Step 402, obtaining the running state information of the vehicles in the vehicle formation.
In this embodiment, the principles of steps 401 to 402 are similar to those of steps 201 to 202, and are not described herein again.
And step 403, acquiring the running environment information of the vehicles in the vehicle formation.
In this embodiment, the vehicles in the vehicle formation can also be provided with various acquisition devices, and the acquisition devices can be used for acquiring the running environment information of the vehicles. The above-mentioned acquisition means may include a radar sensor, a binocular camera, and the like. The driving environment information may include traffic light information, obstacle information, lane line information, and the like.
And step 404, determining a target vehicle from the vehicle formation according to the transportation demand information, the driving state information and the acquired driving environment information.

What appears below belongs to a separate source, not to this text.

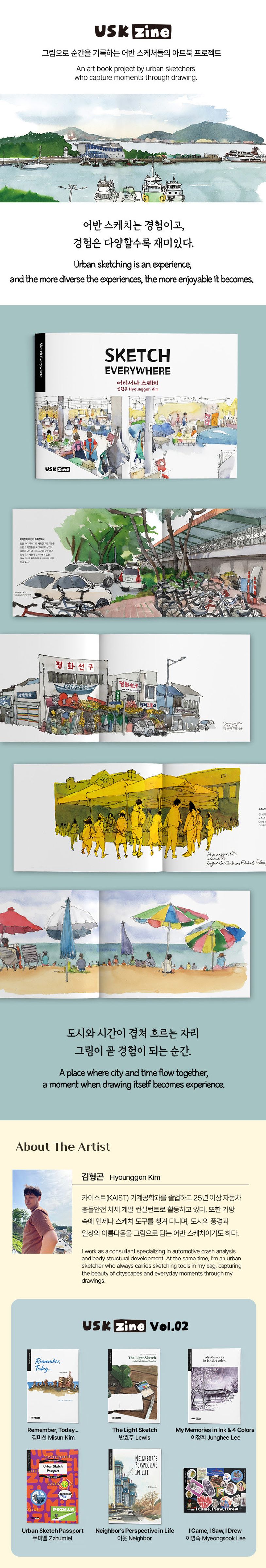 김형곤 작가의 두 번째 아트북은 도시와 일상의 순간들을 스케치로 기록한 작품집이다. 그는 늘 가방 속에 펜과 팔레트를 챙기며 멈춘 자리마다 그림을 시작하는 어반 스케처로, 지금-여기의 경험을 선과 색으로 붙잡아 왔다. “어반 스케치는 경험이다”라는 그의 말처럼, 이 책의 그림은 단순한 풍경 묘사를 넘어 살아 있는 순간의 감각을 전한다. 변전소와 지하철역, 캠핑장과 다리 밑, 낯선 출장지의 거리까지, 다양한 장소에서 완성된 드로잉은 현실과 감정이 겹쳐 흐르는 자리에서 빛난다. 독자는 이 장면들을 따라가며 도시와 사람, 그리고 일상을 바라보는 새로운 시선을 경험하게 된다.

In this embodiment, the execution main body may determine the target vehicle from the vehicle formation according to the transportation demand information, the driving state information, and the driving environment information of each vehicle. Specifically, the execution subject may determine whether the current road segment of the vehicle is congested according to the driving environment information. Further, the execution subject may select a target vehicle from the vehicles on the road section that are not congested according to the transportation demand information and the driving state information. Alternatively, the execution subject may determine the congestion condition of each link based on the traveling environment information of each vehicle. And then, dividing the transportation route into a plurality of transportation subtasks according to the congestion condition of each road section and the transportation route included in the transportation demand information. And finally, determining a plurality of target vehicles corresponding to the transportation subtasks from the vehicle formation so that the plurality of target vehicles respectively execute the transportation subtasks.
And step 405, sending a scheduling instruction to the target vehicle so that the target vehicle executes the transportation task indicated by the transportation demand information according to the scheduling instruction.
Finally, the executing agent may send the scheduling instructions to the target vehicle. And after receiving the dispatching instruction, the target vehicle can execute the transportation task indicated by the transportation demand information.
The method for controlling the vehicles provided by the above embodiments of the present application may send the scheduling command to the target vehicles in the vehicle formation in combination with the driving environment information of each vehicle, so as to schedule the vehicles more flexibly.
With further reference to fig. 5, as an implementation of the method shown in the above figures, the present application provides an embodiment of an apparatus for controlling a vehicle, which corresponds to the embodiment of the method shown in fig. 2, and which is particularly applicable in various electronic devices.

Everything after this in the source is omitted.